In anticipation of further Fed easing, and as a result of the burgeoning European sovereign-debt crisis driving investors to the apparent safe haven of U.S. Treasury securities, rates began to decline in April 2010. But despite the Fed’s introduction of QE2, and as the European crisis seemed to ease in late 2010 into early 2011, rates again rose, reaching 3.65% for the 10-year note by January 2011.

A new round of European economic uncertainty and the introduction of Operation Twist drove rates down again to a low last July, from where they have slowly crept up recently.

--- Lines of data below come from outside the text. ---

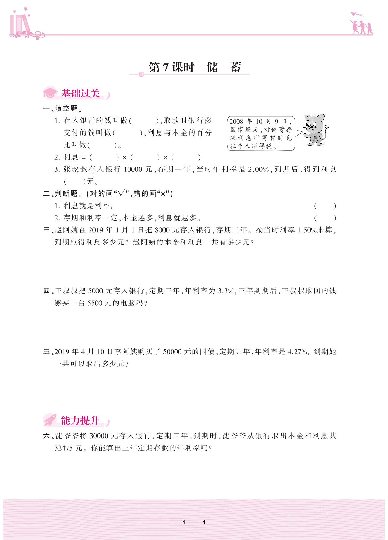 2020上册六年级数学冀教版 五 百分数的应用——第7课时 储蓄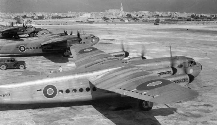 Avro York C Mark Is of No. 47 Group RAF lined up at Luqa, Malta, while staging through to the Far East. In the foreground, MW123 of No. 511 Squadron RAF starts to taxi out.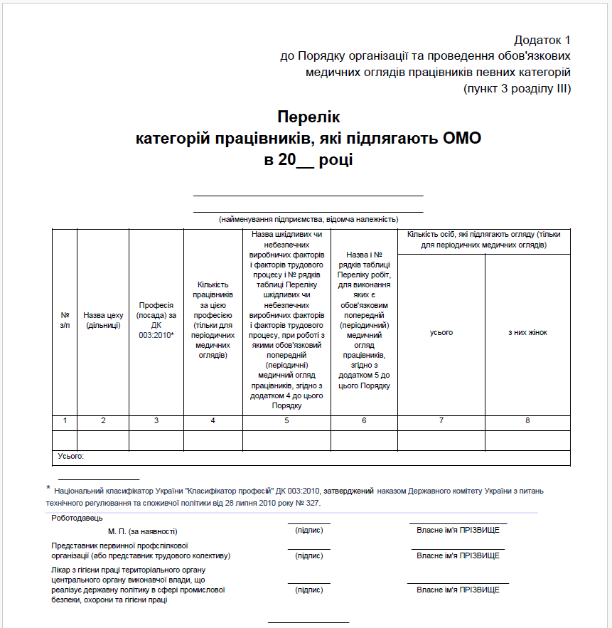то тепер, за Порядком № 1393, ключовим документом стає Перелік категорій працівників, які підлягають ОМО (форма — додаток 1 до Порядку № 1393).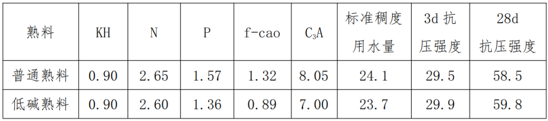 普通熟料和低堿熟料數(shù)據(jù)對比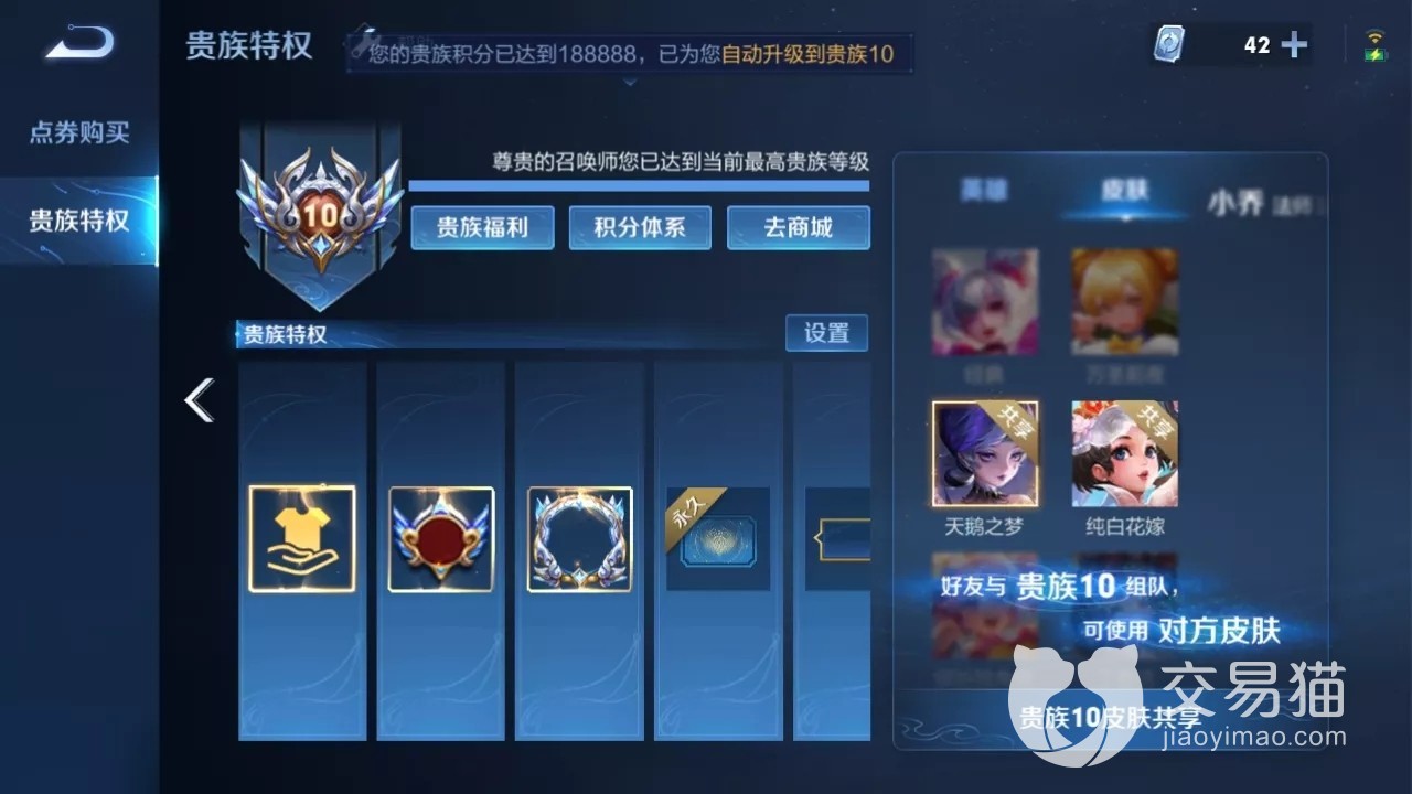 王者荣耀的账号交易在国内目前的市场中需求量是最大的,这不仅仅是受众于该游戏的热度,还有交易猫平台独有的推流算法。v10王者号能卖多少钱最近很多小伙伴都在问,感觉自己氪金数特别多在必要的时候可以拿出来应急,接下来就由小编给大家分析一下V10王者号在交易猫内平均售卖价格和价值都体现在哪里。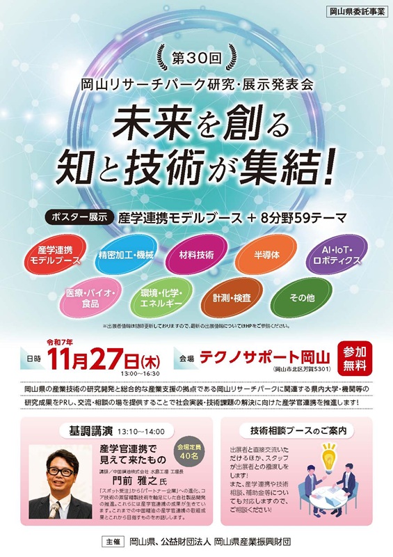 岡山県の産業技術と研究成果が一堂に会する 「第30回 岡山リサーチパーク研究・展示発表会」 が開催されます。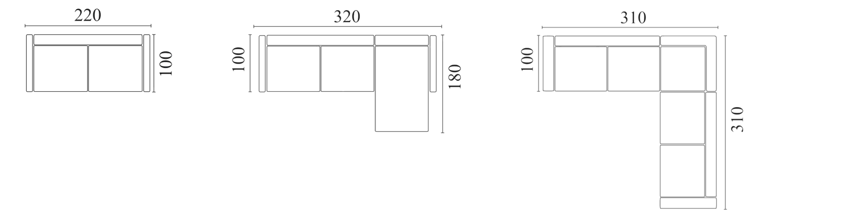 ПОПУЛЯРНЫЕ КОНФИГУРАЦИИ (размеры указаны в сантиметрах)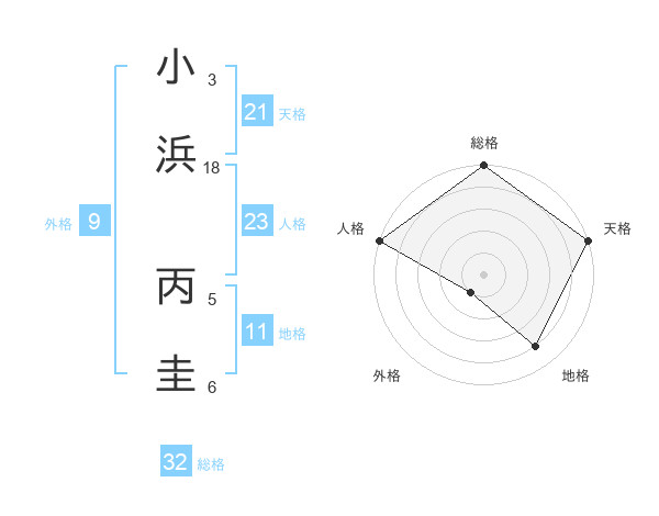 小浜 丙圭さんを姓名の画数から五運を鑑定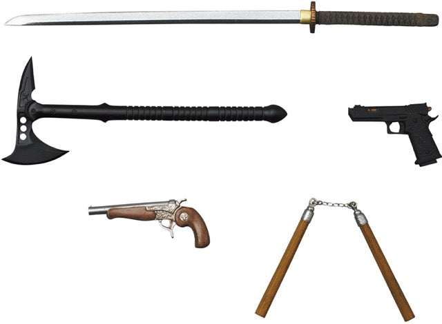 Standing at approximately 160mm tall, this figure captures the essence of the protagonist of the movie "John Wick: Chapter 4." It comes with two interchangeable head parts and an additional upper body part without the jacket. Prepare for action with the included impressive array of weapon parts. Plus, it comes with a poseable figure stand for dynamic display options.

What this history suggests is that the Fed can’t long keep rates low by its monetary policies alone. With European governments seeming to make some progress in restoring stability to the continent’s weak economies, the time may be near when flights to quality by investors no longer will help the Fed in its fight.

PREPARING CLIENTS

Therefore, financial advisers should be considering for their clients some of the strategies for dealing with rising rates suggested in the special report on bonds beginning on Page 10 of this issue.

Advisers and clients seeking yield have both traditional and innovative investment approaches to generate that yield.

One of the traditional approaches is the use of stocks paying high dividends.

Another is the use of high-yield bonds — low-rated bonds or even those rated below investment-grade, which often are less affected by rising rates.

Among the innovative ap- proaches are bond portfolios that have maximum flexibility in terms of quality of bonds, duration of portfolios, and countries in which they can invest. Another is the development of exchange-traded funds of bonds structured to act like individual bonds in that they mature on a specific date.

Advisers whose clients have a significant percentage of their investments in bond funds should be talking to those clients about ways to immunize those investments against the negative effects of a significant rise in rates by using some of these tools.

Immunization should be undertaken before a disease strikes.